The other type of relationship involves creating the opportunity for students to combine studies in a CAAT with studies in a university in such a way that studies in both sectors mesh together in a coherent manner appropriate for the awarding of a degree. Among other rationales for this proposal-which are detailed in these two reports-it was suggested that this might be the most effective way to implement polytechnic education in Ontario. Thus far, there have been no moves toward the second type of CAAT-university collaboration except for the attention which the integrated program concept has been receiving among nursing educators. If any progress is to be made generally in regard to these recommendations of Vision 2000 and the Task Force on Advanced Training, there is no better place to start than in the field of nursing.

References

ACAATO. [1993, May]. Postsecondary Programs. College-University/Institute Transfer Guide: Draft.

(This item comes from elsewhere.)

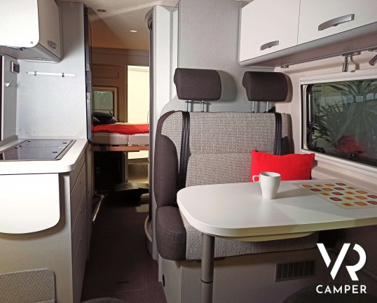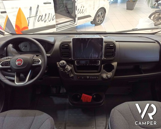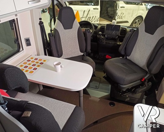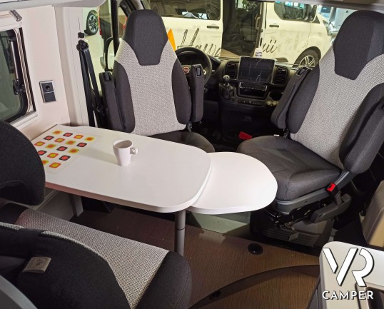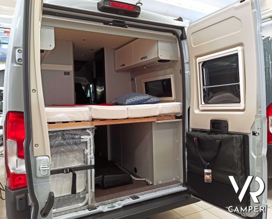 Camper furgonato nuovo con tetto sollevabile, 4 posti letto, dotato di freno elettrico, riscaldamento aria calda, sedie e tavolo pieghevoli. Su Fiat Ducato
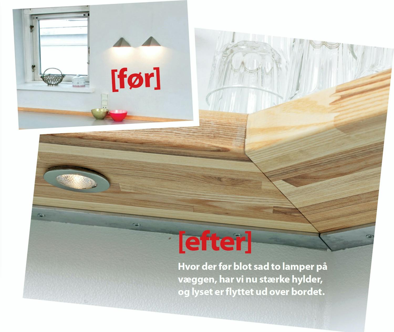 Så let slipper vi ikke, for på undersiden af hylderne vil vi have en stribe halogenspot til at lyse ned på bordet. Den enkle løsning er at sætte dem uden på hylden, men vi har givet os selv den udfordring at bruge spot, der sænkes op i hylden, og at trække kablerne skjult.

Toronto: Association of Colleges of Applied Arts and Technology in Ontario.

Marshall, Robert Alexander. [1989]. College-University Transfer Arrangement Existing in Ontario (Questionnaire Results). A Background paper prepared for Vision 2000. Toronto: Ontario Council of Regents.

Joint Nursing Articulation Project. [1993, August]. Green Paper. Sudbury: School of Nursing, Laurentian University.

Joint Nursing Articulation Project. [1994, March]. The Report.

OCUA. [1993, September]. Nineteenth Annual Report, 1992-93. Toronto: Ontario Council on University Affairs.

Ontario. [1990]. Vision 2000: Quality and Opportunity. Toronto: Ministry of Colleges and Universities.

Ontario. [1993, April]. No Dead Ends. Toronto: Task Force on Advanced Training.

Provincial Steering Committee. [1994, February]. Education of the Nurse of the Future. Position Statement by the Provincial Steering Committee of the Colleges of Applied Arts and Technology Nursing Programs and the Council of Ontario University Programs in Nursing.


Michael L. Skolnik is a Professor in the Higher Education Group at the Ontario Institute for Studies in Education. This article builds upon a previous paper which was widely circulated, entitled “Some Unthinkable Options for Implementing the Entry to Practice Proposal for Nursing in Ontario - A View from Outside the Profession.” Toronto: Higher Education Group, OISE, November, 1988.